§ **DESCRIPTION OF THE TASK**
Return every record below exactly as written, but leave out the pictures.

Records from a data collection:
_ _ _
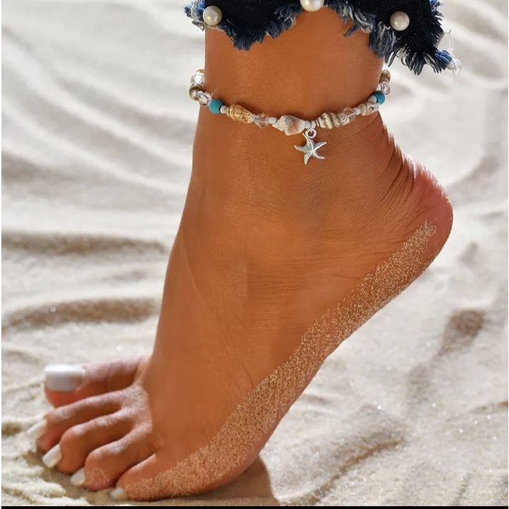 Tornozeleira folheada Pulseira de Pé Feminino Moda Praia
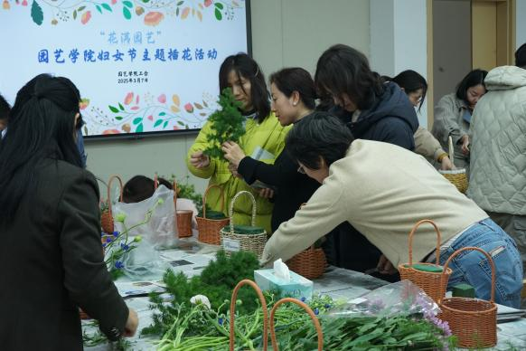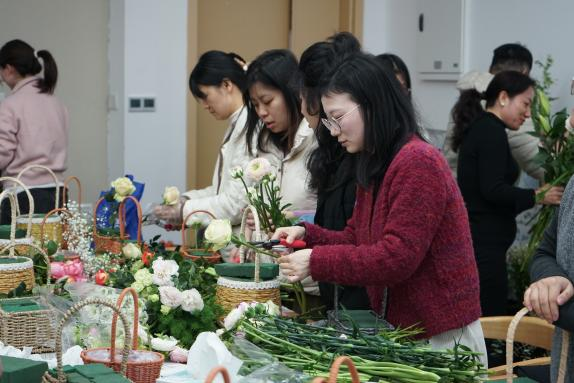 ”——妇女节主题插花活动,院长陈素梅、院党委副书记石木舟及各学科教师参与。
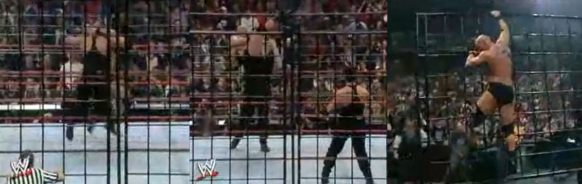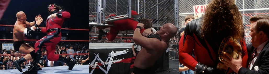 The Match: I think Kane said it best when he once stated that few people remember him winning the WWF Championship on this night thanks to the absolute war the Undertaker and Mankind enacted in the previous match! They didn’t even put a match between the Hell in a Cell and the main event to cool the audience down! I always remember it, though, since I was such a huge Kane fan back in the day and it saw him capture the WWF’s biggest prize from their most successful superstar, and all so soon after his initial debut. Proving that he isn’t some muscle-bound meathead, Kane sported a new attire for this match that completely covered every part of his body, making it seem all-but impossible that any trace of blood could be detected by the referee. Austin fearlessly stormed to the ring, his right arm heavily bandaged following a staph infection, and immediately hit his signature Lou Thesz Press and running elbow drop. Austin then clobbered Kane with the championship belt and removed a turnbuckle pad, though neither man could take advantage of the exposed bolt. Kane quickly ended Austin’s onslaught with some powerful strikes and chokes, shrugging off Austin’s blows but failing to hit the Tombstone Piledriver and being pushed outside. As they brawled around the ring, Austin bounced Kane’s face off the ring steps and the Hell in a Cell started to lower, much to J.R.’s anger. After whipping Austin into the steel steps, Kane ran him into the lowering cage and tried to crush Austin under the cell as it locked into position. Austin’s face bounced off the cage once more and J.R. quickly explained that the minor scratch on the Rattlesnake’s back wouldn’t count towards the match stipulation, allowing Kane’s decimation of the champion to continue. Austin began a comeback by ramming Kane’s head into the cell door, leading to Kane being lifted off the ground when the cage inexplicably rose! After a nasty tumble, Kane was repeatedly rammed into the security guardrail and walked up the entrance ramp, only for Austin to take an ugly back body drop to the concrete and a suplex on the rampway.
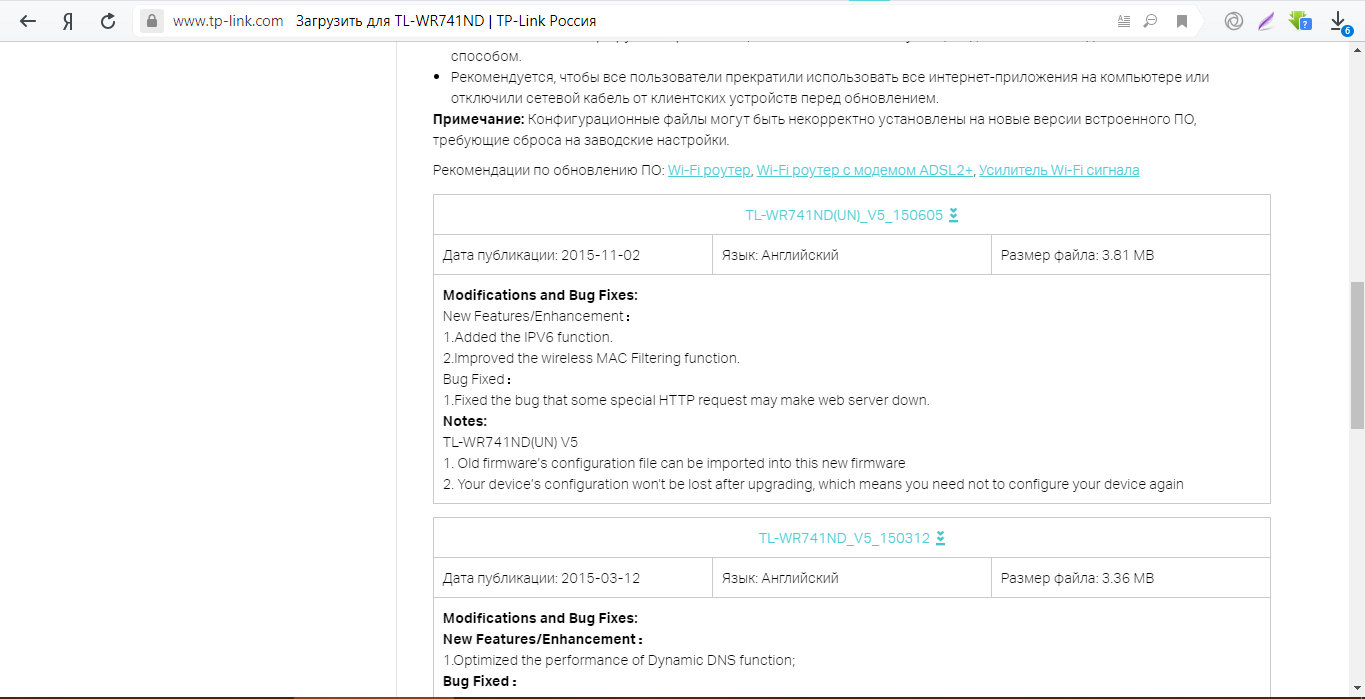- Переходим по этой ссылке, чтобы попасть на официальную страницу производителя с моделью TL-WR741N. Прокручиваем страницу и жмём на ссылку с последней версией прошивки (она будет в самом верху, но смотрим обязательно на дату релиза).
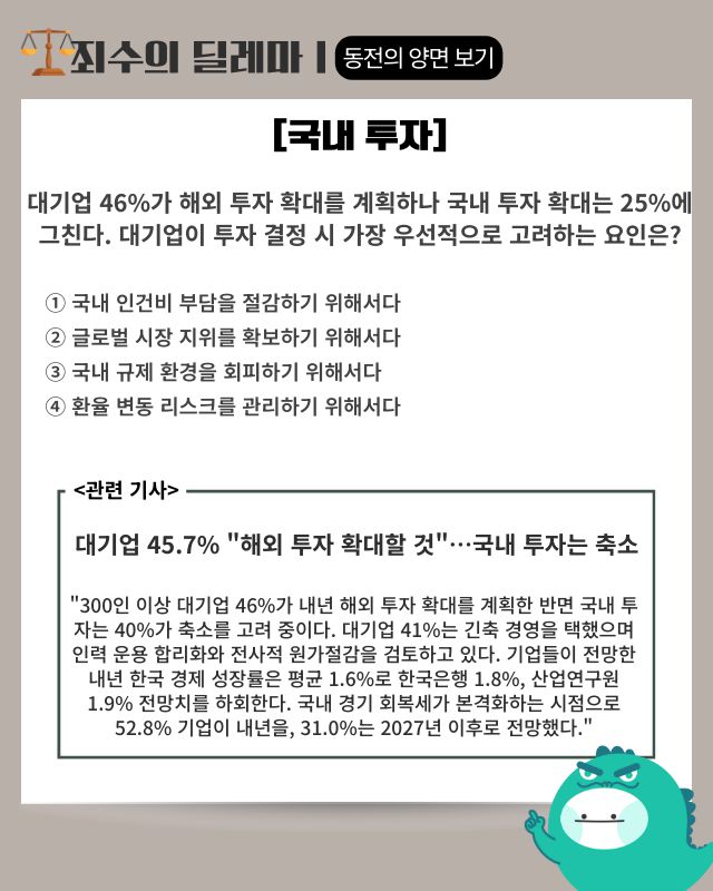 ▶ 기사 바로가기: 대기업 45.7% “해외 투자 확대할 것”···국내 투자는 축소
_ _ _
§ **RESPONSE BELOW**
 Tornozeleira folheada Pulseira de Pé Feminino Moda Praia
 ”——妇女节主题插花活动,院长陈素梅、院党委副书记石木舟及各学科教师参与。
 The Match: I think Kane said it best when he once stated that few people remember him winning the WWF Championship on this night thanks to the absolute war the Undertaker and Mankind enacted in the previous match! They didn’t even put a match between the Hell in a Cell and the main event to cool the audience down! I always remember it, though, since I was such a huge Kane fan back in the day and it saw him capture the WWF’s biggest prize from their most successful superstar, and all so soon after his initial debut. Proving that he isn’t some muscle-bound meathead, Kane sported a new attire for this match that completely covered every part of his body, making it seem all-but impossible that any trace of blood could be detected by the referee. Austin fearlessly stormed to the ring, his right arm heavily bandaged following a staph infection, and immediately hit his signature Lou Thesz Press and running elbow drop. Austin then clobbered Kane with the championship belt and removed a turnbuckle pad, though neither man could take advantage of the exposed bolt. Kane quickly ended Austin’s onslaught with some powerful strikes and chokes, shrugging off Austin’s blows but failing to hit the Tombstone Piledriver and being pushed outside. As they brawled around the ring, Austin bounced Kane’s face off the ring steps and the Hell in a Cell started to lower, much to J.R.’s anger. After whipping Austin into the steel steps, Kane ran him into the lowering cage and tried to crush Austin under the cell as it locked into position. Austin’s face bounced off the cage once more and J.R. quickly explained that the minor scratch on the Rattlesnake’s back wouldn’t count towards the match stipulation, allowing Kane’s decimation of the champion to continue. Austin began a comeback by ramming Kane’s head into the cell door, leading to Kane being lifted off the ground when the cage inexplicably rose! After a nasty tumble, Kane was repeatedly rammed into the security guardrail and walked up the entrance ramp, only for Austin to take an ugly back body drop to the concrete and a suplex on the rampway.
- Переходим по этой ссылке, чтобы попасть на официальную страницу производителя с моделью TL-WR741N. Прокручиваем страницу и жмём на ссылку с последней версией прошивки (она будет в самом верху, но смотрим обязательно на дату релиза).
 ▶ 기사 바로가기: 대기업 45.7% “해외 투자 확대할 것”···국내 투자는 축소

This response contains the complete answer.